Health Minister Marisol Touraine is due to present a law next month
that would stop cigarette manufacturers from printing their
distinctive logos on packages, Le Figaro newspaper reported on
Plain packaging, with the cigarette brand written in small lettering
under a graphic health warning, would be among a raft of radical
measures to curb smoking, including a ban on using e-cigarettes, or
"vaping", in public places, Le Figaro said.
Australia pioneered plain packaging for cigarettes in 2012 and
Britain, New Zealand and Ireland all plan similar bans.

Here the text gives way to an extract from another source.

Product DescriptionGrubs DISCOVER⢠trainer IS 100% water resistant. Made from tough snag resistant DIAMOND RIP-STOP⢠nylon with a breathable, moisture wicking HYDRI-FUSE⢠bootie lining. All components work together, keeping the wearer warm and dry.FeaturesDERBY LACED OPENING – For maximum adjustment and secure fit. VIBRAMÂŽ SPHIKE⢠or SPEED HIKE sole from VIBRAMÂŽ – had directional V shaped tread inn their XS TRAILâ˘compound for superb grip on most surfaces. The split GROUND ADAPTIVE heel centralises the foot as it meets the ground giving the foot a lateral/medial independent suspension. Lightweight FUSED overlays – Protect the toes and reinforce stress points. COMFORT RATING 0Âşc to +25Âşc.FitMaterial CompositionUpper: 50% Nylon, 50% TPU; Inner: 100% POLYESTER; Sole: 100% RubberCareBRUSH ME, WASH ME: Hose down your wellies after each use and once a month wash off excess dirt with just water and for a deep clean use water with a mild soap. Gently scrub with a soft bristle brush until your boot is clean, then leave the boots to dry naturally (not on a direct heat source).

In a statement, France's Health Ministry said it was studying
several options to curb smoking.
"We are far from the point of taking any decisions and no particular
course of action has been determined so far," the ministry said.

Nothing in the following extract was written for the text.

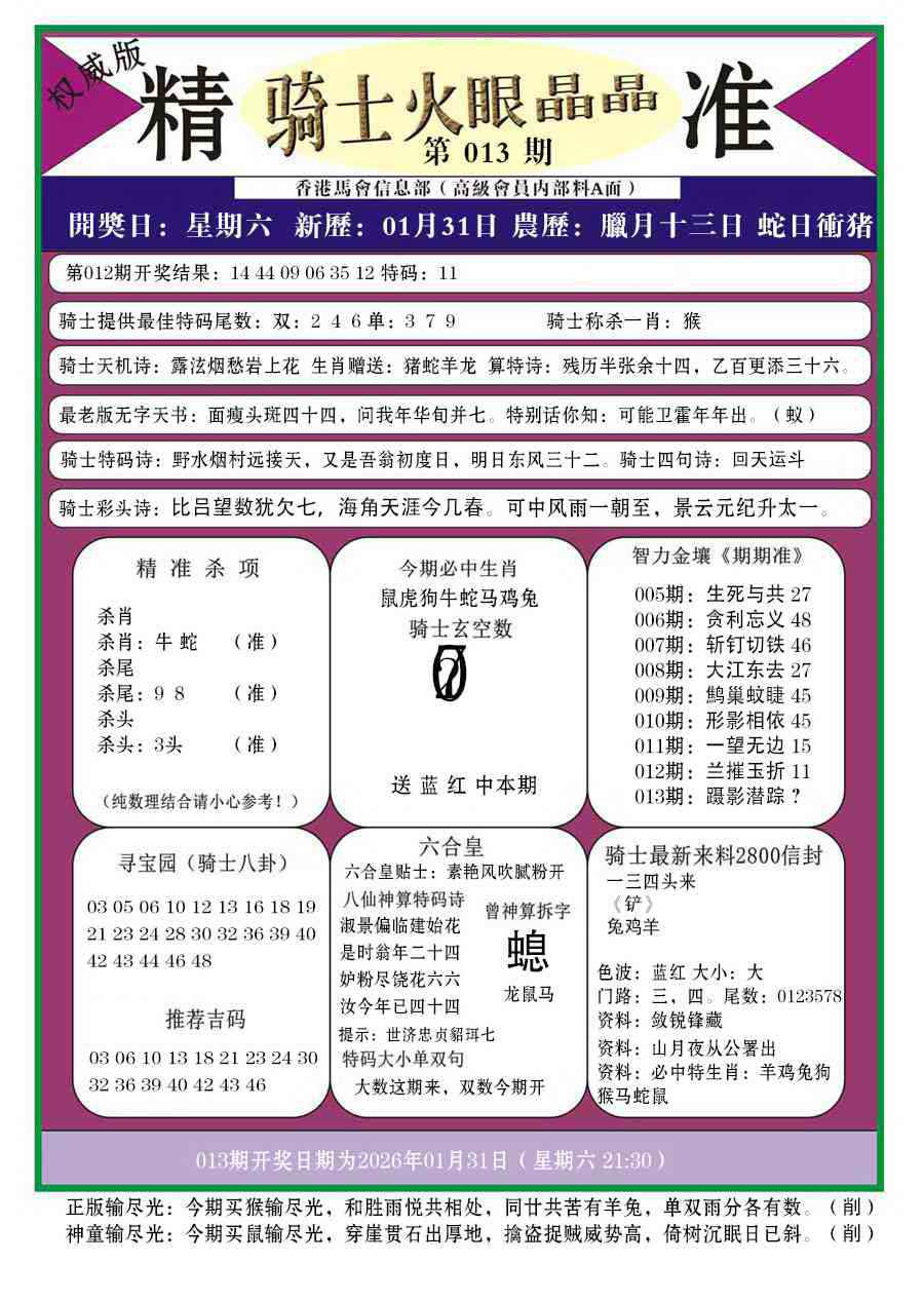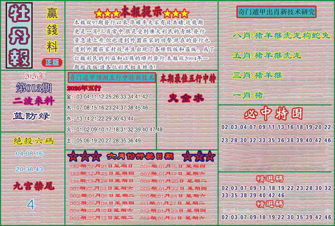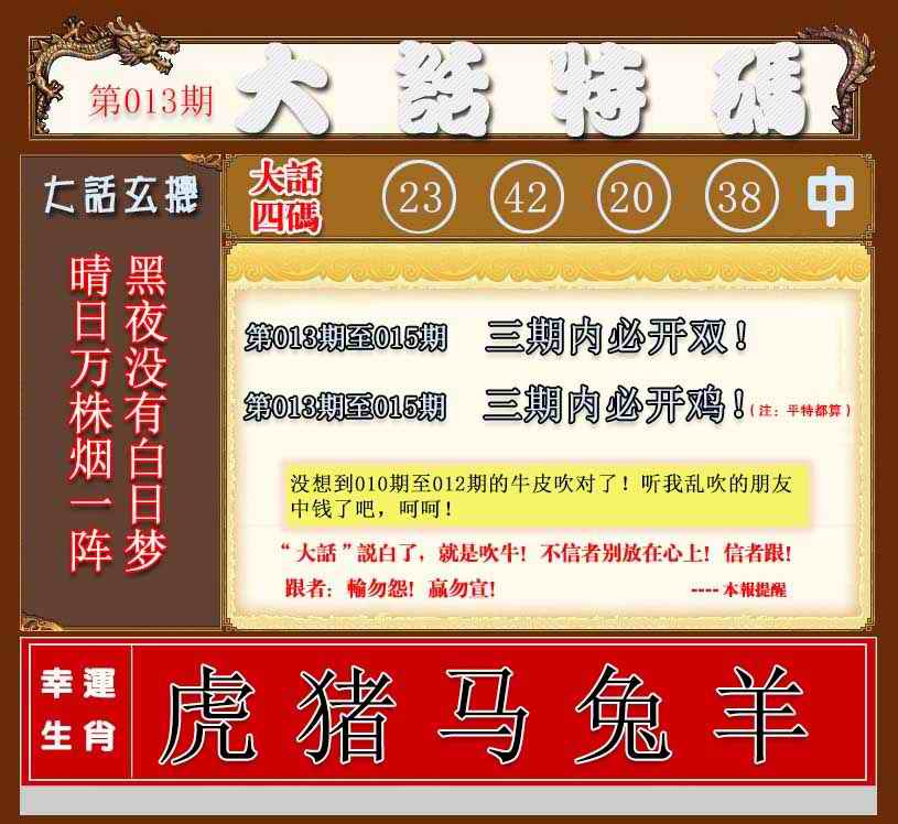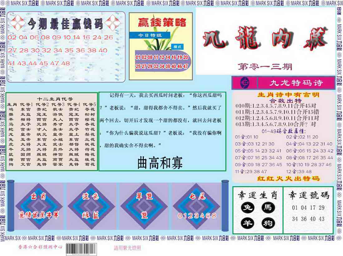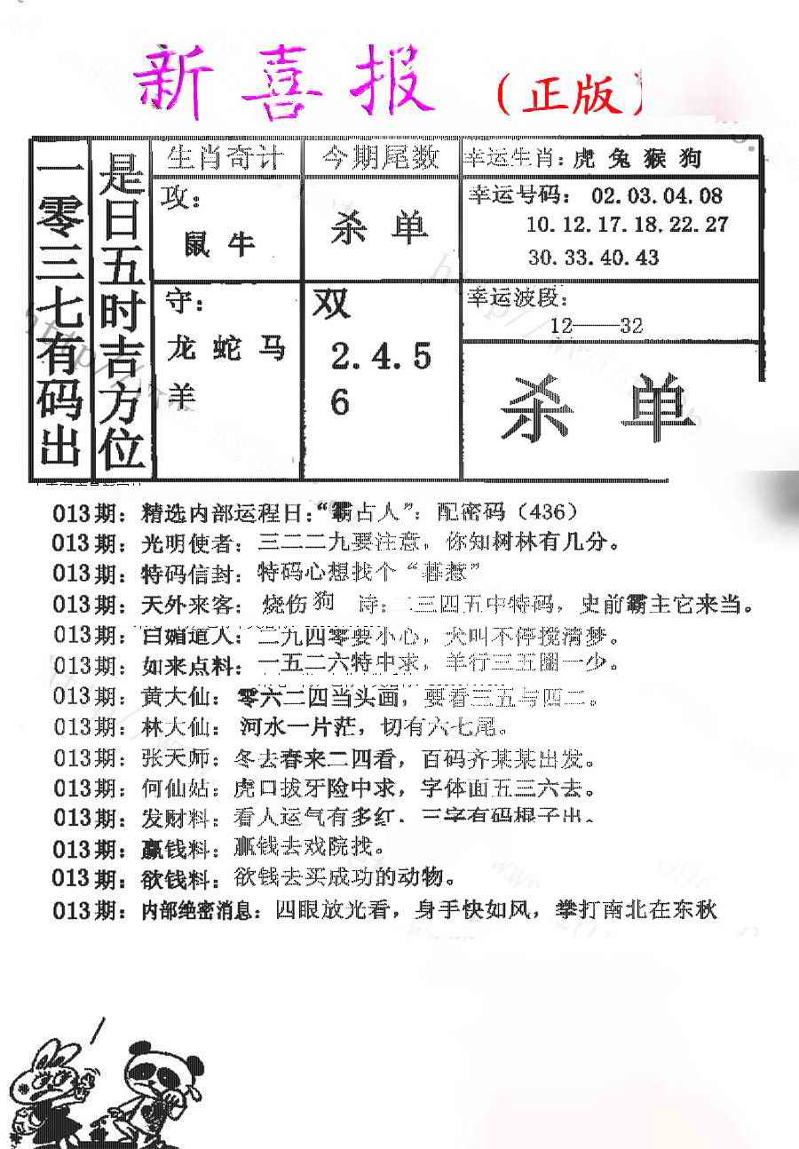 063 六合禅机A 064 六合禅机B 069 特 新 报A 070 特 新 报B

With its cafe culture and chain-smoking Nouvelle Vague movie stars,
France earned a reputation as a smokers' paradise after World War
Two. Iconic dark-tobacco brands like Gitanes, favored by Gainsbourg,
who smoked up to five packs a day, and Gauloises, preferred by
philosopher Jean-Paul Sartre, grew hugely popular, in part thanks to
their stylish packaging.
While the reputation sticks, smoking rates in France have since
plummeted. Less than a third of the population now lights up
regularly, which is about average for the European Union and down
sharply from nearly 60 percent in the 1960s.

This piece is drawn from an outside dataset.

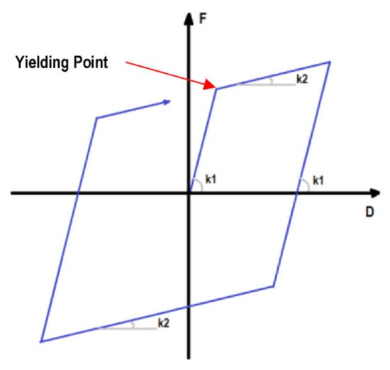 - LMM is used for the model of the building, and the bilinear hysteresis model (see Figure 5) is used to represent the nonlinear relationship between shear force and story drift for each story.
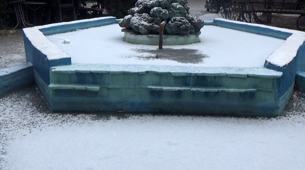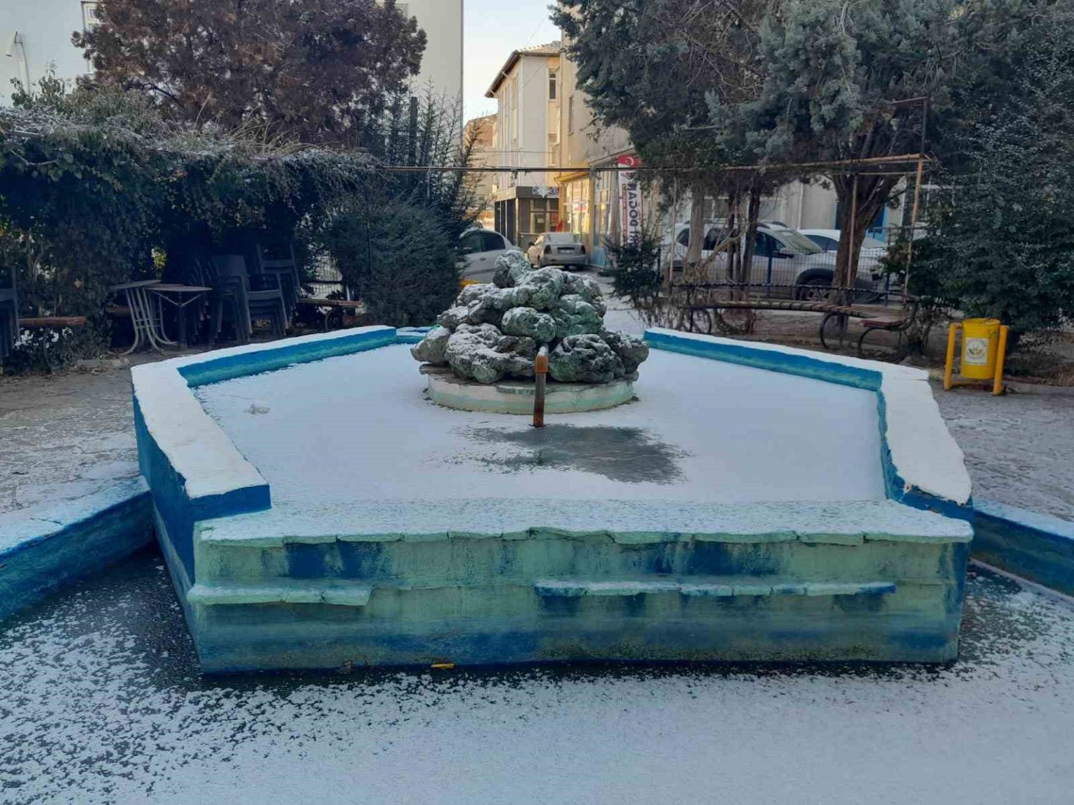 Konya’nın Karapınar ilçesinde kar yağışı ve dondurucu soğuk etkisini sürdürüyor. İlçede etkili olan kar yağışı çiftçileri sevindirirken, aşırı soğuktan süs havuzu dondu.

Tough anti-tobacco laws were introduced in 1991 which banned smoking
in public places, forced cigarette manufacturers to display health
warnings on packets and forbade large-scale advertising on
billboards and TV.
Advocates of plain packaging argue that stripping packets of
eye-catching logos is effective in reducing smoking among young
people. Currently, one in three French people aged 15 to 19 is a
smoker, according to the Health Ministry.
As French smoking rates have declined, so has the country's
once-vibrant tobacco industry. The state-owned Seita brand that
produced Gauloises and Gitanes was bought by Britain's Imperial
Tobacco in 2008, and much of its production moved abroad.
In April, Imperial Tobacco announced the closure of the largest
Gauloise cigarette factory in France, prompting the factory's 327
workers to go on strike and hold five managers hostage on the
worksite, near Nantes, this week.
The managers were released on Thursday after a day of captivity.